Start of Information shown

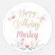 Sticker Rond Baisers à papillon et voeux d'anniversaire, toute
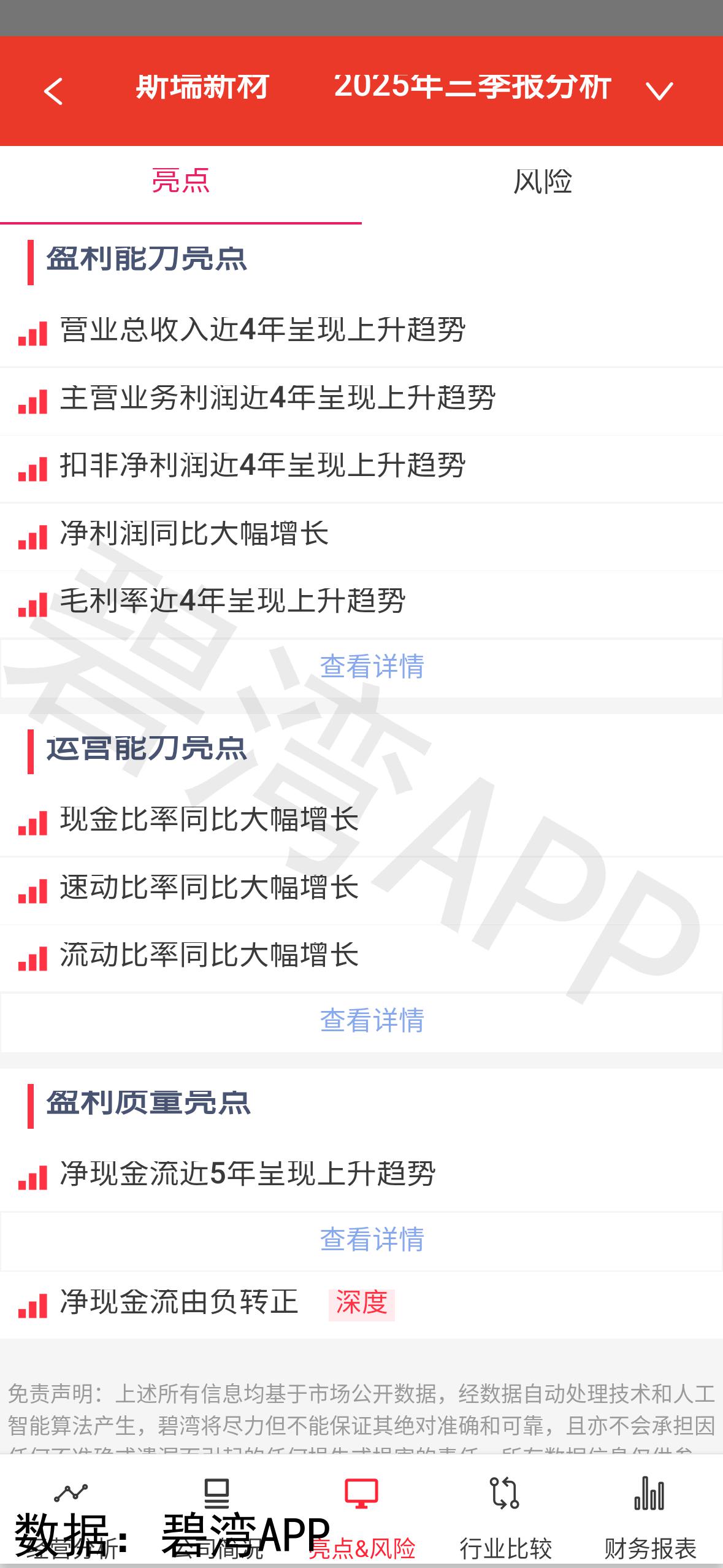 斯瑞新材2025年一季度净利润增长32.76%,主因主营业务利润提升30.45%及其他收益大增60.38%,但需警惕净现金流由正转负,同比下降180.35%。现金流恶化源于筹资活动净额下降35.90%,其中利息支付激增837.36%,叠加投资支出增长38.12%。虽盈利改善,但现金流压力凸显,需关注后续资本开支与债务管理能力。
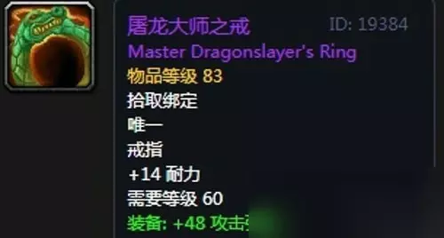 17、屠龙大师之戒:戒指2,黑翼之巢任务获取,无法附魔 装备属性:+14耐力,装备效果+48 攻击强度,使你击中目标的几率提高1%。

End of Information shown

• [Problem description]:
Once the images are set aside, retype all of the material above exactly.

• [Answer space]:
 Sticker Rond Baisers à papillon et voeux d'anniversaire, toute
 斯瑞新材2025年一季度净利润增长32.76%,主因主营业务利润提升30.45%及其他收益大增60.38%,但需警惕净现金流由正转负,同比下降180.35%。现金流恶化源于筹资活动净额下降35.90%,其中利息支付激增837.36%,叠加投资支出增长38.12%。虽盈利改善,但现金流压力凸显,需关注后续资本开支与债务管理能力。
 17、屠龙大师之戒:戒指2,黑翼之巢任务获取,无法附魔 装备属性:+14耐力,装备效果+48 攻击强度,使你击中目标的几率提高1%。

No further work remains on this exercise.